Ma’s policies fail to
develop agriculture, panelist group says
By Chris Wang / Staff Reporter
Amid a spate of recent controversies related to agricultural development,
panelists attending an agricultural forum yesterday described President Ma Ying-jeou’s
(馬英九) agricultural policy as “unconcerned, incompetent and faithless.”
“Farmers feed the nation. Based on what has happened over the past three years,
however, I would say that the Ma administration is unconcerned with [the state
of] Taiwan’s agricultural [sector],” Lee Chin-lung (李金龍), a former Council of
Agriculture (COA) chairman under the Democratic Progressive Party (DPP)
administration of former president Chen Shui-bian (陳水扁), told a forum organized
by the Taiwan Brain Trust think tank.
Saying that the falling price of farm produce was “unbelievable,” Lee, a
professor at National Taiwan University, added that the council was supposed to
monitor agricultural prices on weekly basis and take the initiative in keeping
those prices stable.
In 2004, Lee said, the DPP administration established a “95 percent mechanism,”

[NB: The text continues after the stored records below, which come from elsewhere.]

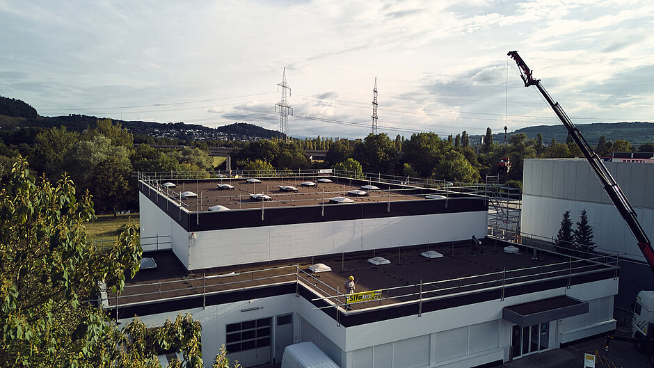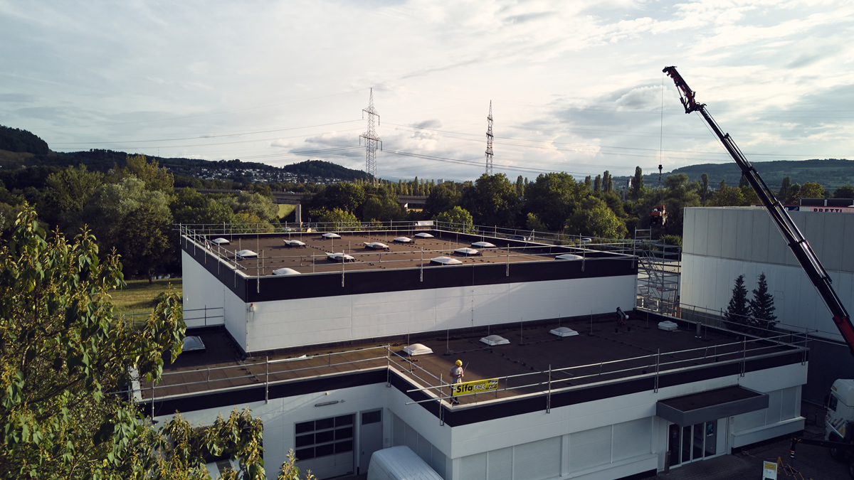 Die vorausgehende umfassende Ausführungsplanung gewährleistete einen zügigen und sicheren Baustellenbetrieb. Weitere Vorteile: Die Gebäudeeingänge, Fenster und Tore blieben frei von jeglichen Beeinträchtigungen. Dazu bot Sifatec mit geprüften und patentierten temporären Absturzsicherungssystemen ein Maximum an Arbeitssicherheit, mit denen das Gefährdungspotenzial während der Sanierungsarbeiten erheblich verringert wurde. Die Gesamtheit all dieser Leistungen macht Sifatec nach eigenen Angaben zum Partner der Wahl für Flachdach-Baustellen.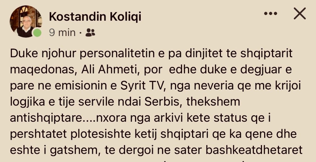 Duke njohur personalitetin e pa dinjitet te shqiptarit maqedonas, Ali Ahmeti, por edhe duke e degjuar e pare ne emisionin e Syrit TV, nga neveria qe me krijoi logjika e tije servile ndai Serbis, thekshem antishqiptare….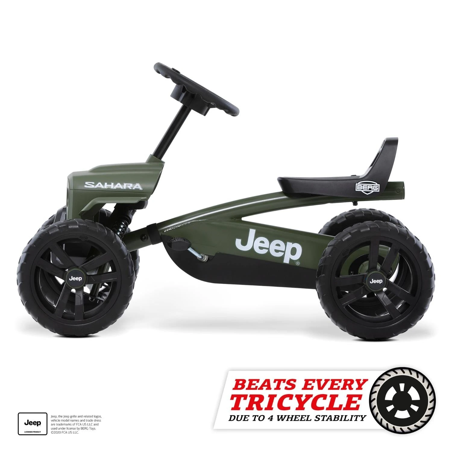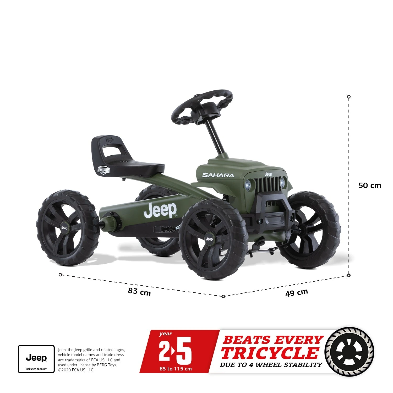 With its Jeep grill, solid hood, unique steering wheel and off-road tyres, this Jeep Buzzy Sahara offers unforgettable driving pleasure. On this Jeep your child can tackle any terrain, the direct drive system makes pedalling super light and they can go on adventures effortlessly! The Jeep Buzzy Sahara’s four EVA tyres keep the go-kart firmly on the ground. Your child will feel secure and ride in comfort as you adjust the seat and steering as they grow.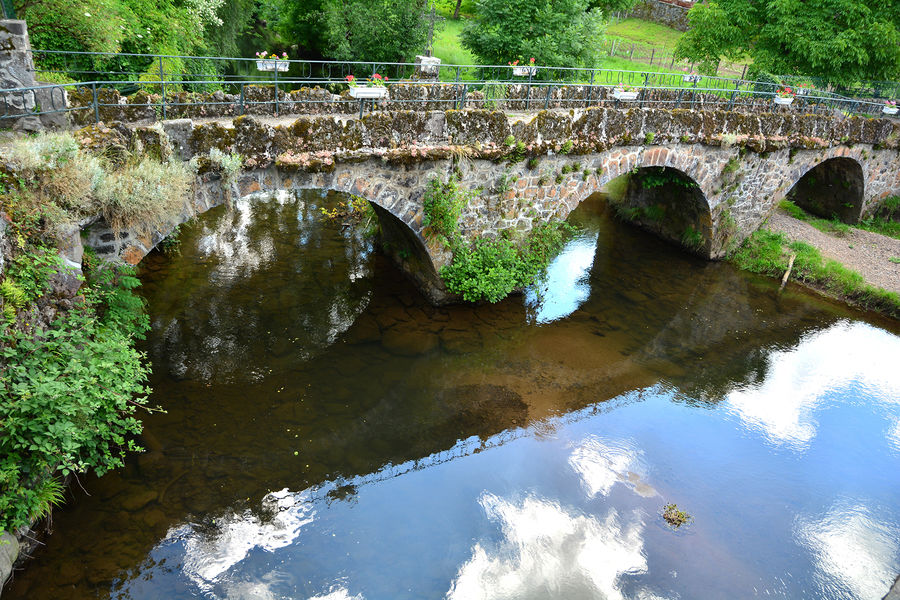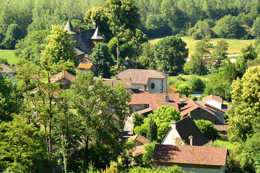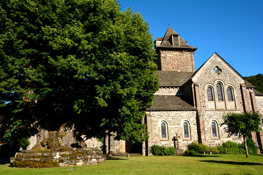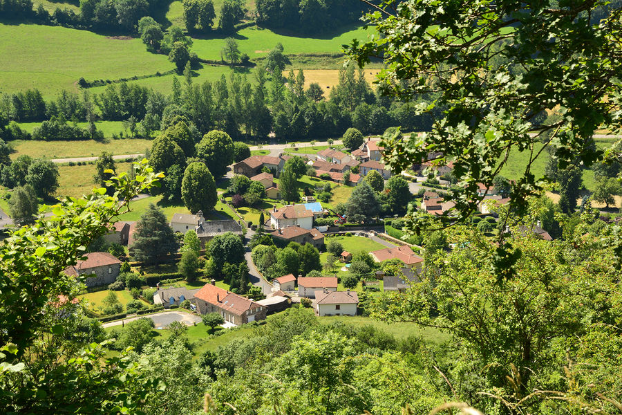 Départ sur le parking devant l’église, face à l’énorme tilleul Sully. Partez en direction de la rivière la Jordanne et juste avant le pont, prenez à droite. Au second carrefour, continuez sur la gauche sur un bon chemin et allez tout droit pour quitter le bourg. Celui-ci s’élève pour rejoindre une large piste. Descendez-la jusqu'à un virage prononcé.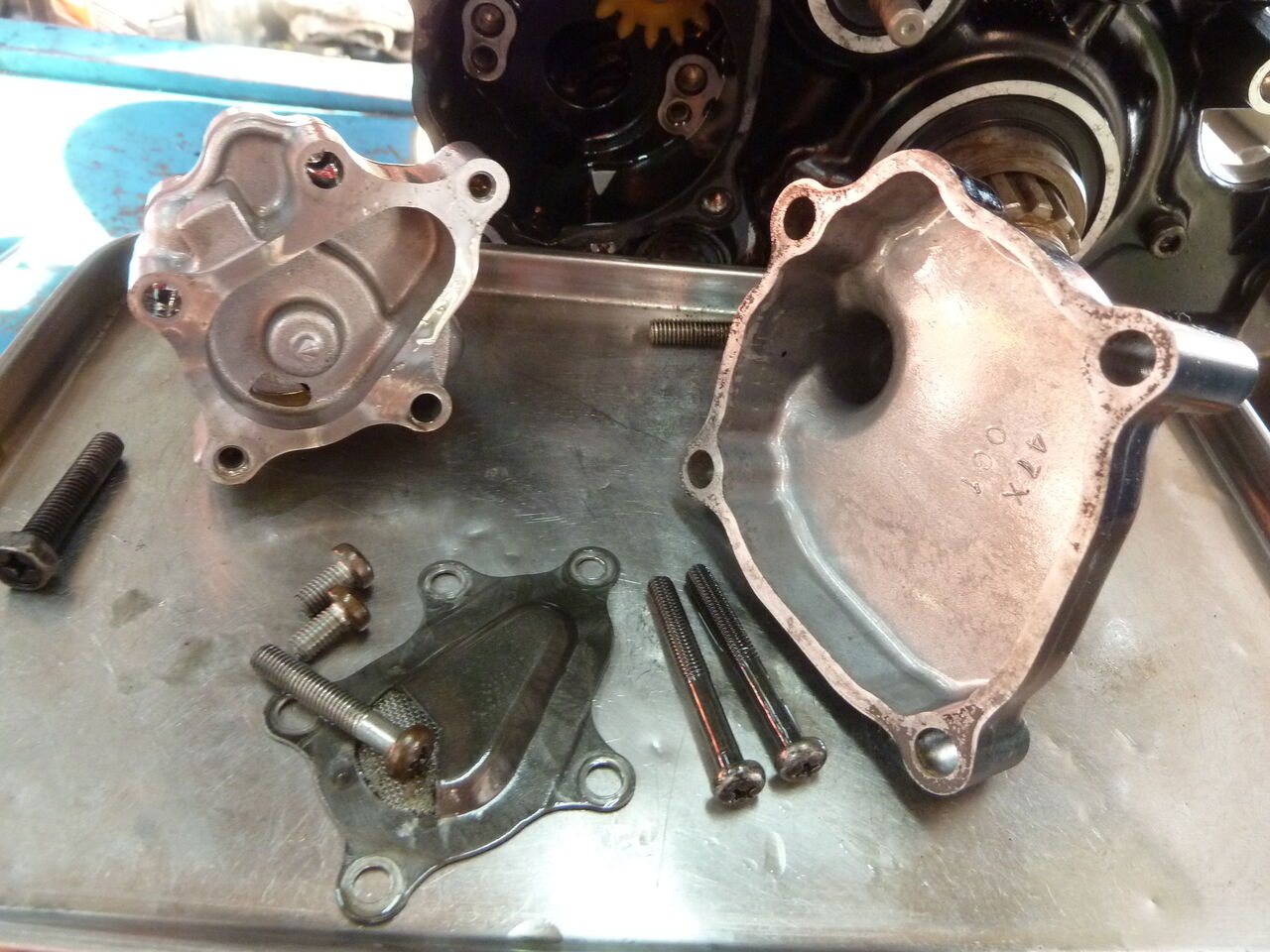 ウオーターポンプ、右クランクケースカバーを外してクラッチ廻り分解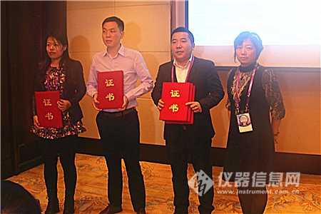 接著,中國儀器儀表行業(yè)協(xié)會(huì)高級顧問閆增序、北京科學(xué)儀器裝備協(xié)作服務(wù)中心主任孫月琴、北京材料分析測試服務(wù)聯(lián)盟秘書長關(guān)璐分別為到場的獲獎(jiǎng)儀器企業(yè)代表頒獎(jiǎng)。
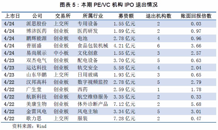 4月17日,泰亚股份(002517.SZ)通过发行股份购买资产收购恺英网络100%股权,并被恺英网络借壳,泰瑞麟一号基金、经纬创达基金、九彤投资、海通开元四家机构获得退出,非别获得1.3986亿账面退出金额;账面投资回报率为0.049倍、无、0.0395倍、无。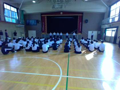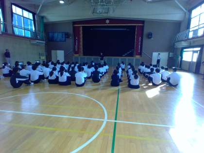 2年生の学年集会の様子です。各委員会から一昨日に行われた各種委員会で話し合った報告と連絡がありました。共通していたのが、「大きな声で」というフレーズです。挨拶など前に出てくれている当番の人が大きな声を出してくれていますので、しっかり大きな声で返してください。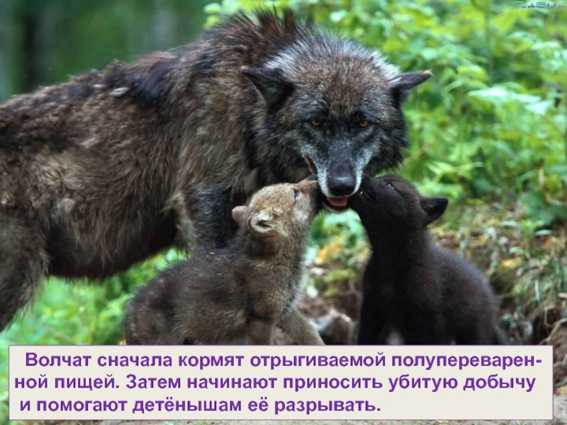 Слайд 32 Волчат сначала кормят отрыгиваемой полупереварен-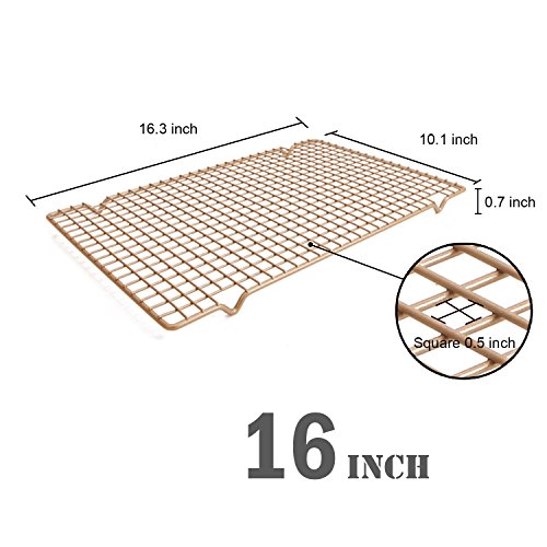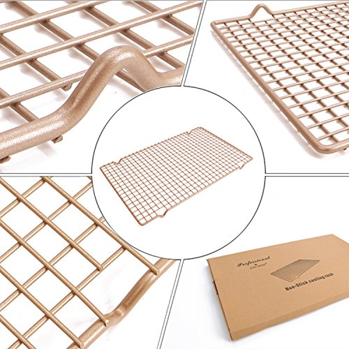 CHEFMADE Non-stick 16 x 10 Inch Wire Cooling Rack, Heavy Duty Bold-Grid Design FDA Approved, Oven Roasting Grilling Baking, Fits Half Sheet Cookie Pan (Champagne Gold)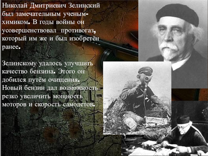 Слайд 19Николай Дмитриевич Зелинский был замечательным ученым-химиком. В годы войны он усовершенствовал
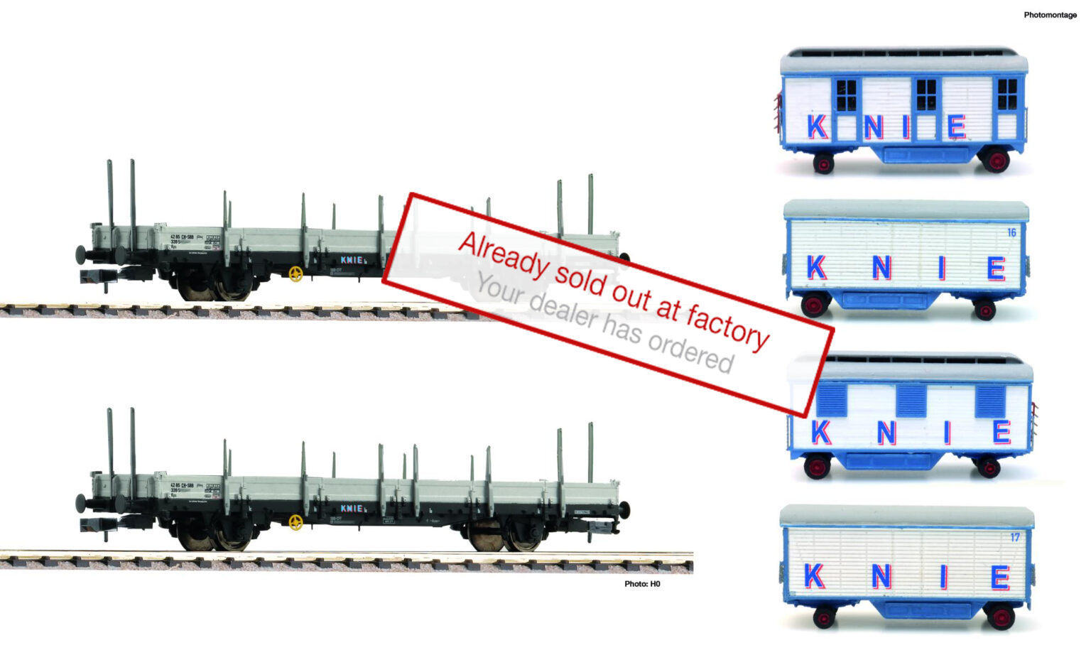 Van modelspoorfabrikant Fleischmann (www.fleischmann.de) verschijnt de komende weken in spoor N. item-no.825732 een Rungenwagen SBB set “100 jaar Zwitsers Nationaal Circus KNIE”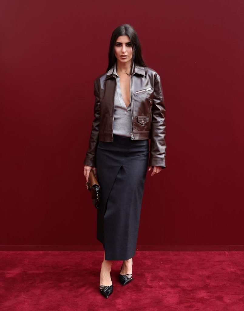 The Dubai based influencer with an esteemed following, stepped out to the Gucci Spring/Summer 2025 show in style, wearing a black maxi skirt and a chic brown leather jacket – paired with a matching bag.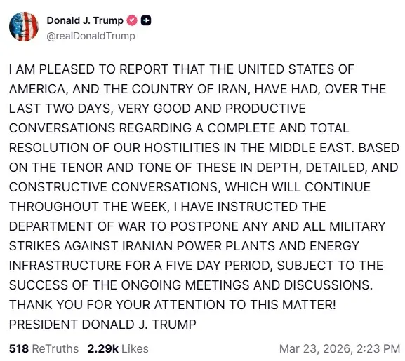 "ABD ve İran'ın, Orta Doğu'daki düşmanlıklarımızın tam ve kesin bir şekilde çözümü konusunda son 2 günde çok iyi ve verimli görüşmeler gerçekleştirdiğini bildirmekten memnuniyet duyuyorum. Bu derinlemesine, detaylı ve yapıcı görüşmelerin tonuna ve havasına dayanarak, devam eden toplantı ve görüşmelerin başarısına bağlı olarak, Savaş Bakanlığına İran enerji santrallerine ve enerji altyapısına yönelik her türlü askeri saldırıyı 5 günlük bir süre için erteleme talimatı verdim."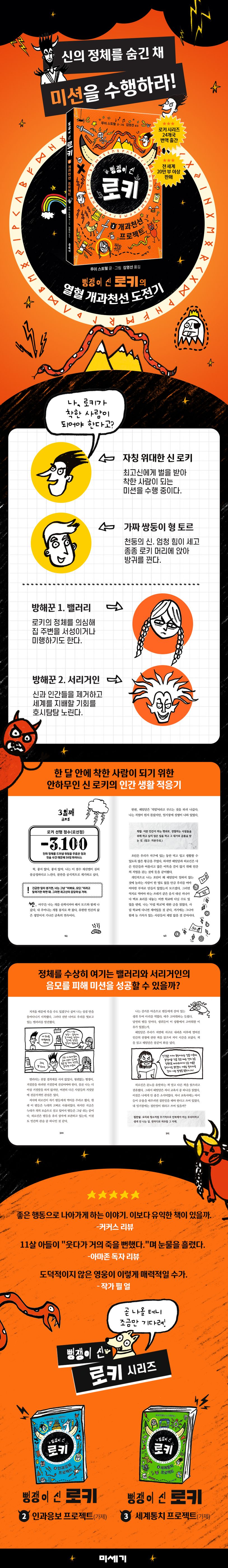 로키가 쓰는 마법의 일기장을 독자들이 엿보는 이야기 구성에 낙서와 만화가 어우러진 흡입력 넘치는 챕터북이다. 세계에서 20만 부 이상 판매된 책으로, 세계의 어린이 독자들이 느낀 재미가 한국 어린이 독자들에게도 전해지길 기대한다. 사고뭉치 신 로키가 개과천선하여 착해질 수 있을지, 그리고 신이 되어 돌아갈 수 있는지, 매일 어디로 튈지 알 수 없는 뻥쟁이 신 로키의 통쾌하고 아슬아슬한 인간 생활 적응기를 만나 보자.

which meant the government purchased farm produce whenever the selling price
fell below 95 percent of direct production cost.
The Ma administration has failed to develop the agricultural sector, evidenced
by a reduction of agricultural output and a decrease in farm household incomes,
said Wu Ming-ming (吳明敏), a professor at Kainan University.
“The promotion of cross-strait agricultural exchanges and cooperation” is the
only thing among the “12 pledges to farmers” in his 2008 presidential campaign
that Ma has accomplished, Wu said, adding that extensive cross-strait
agricultural exchanges were probably not a positive development for Taiwan.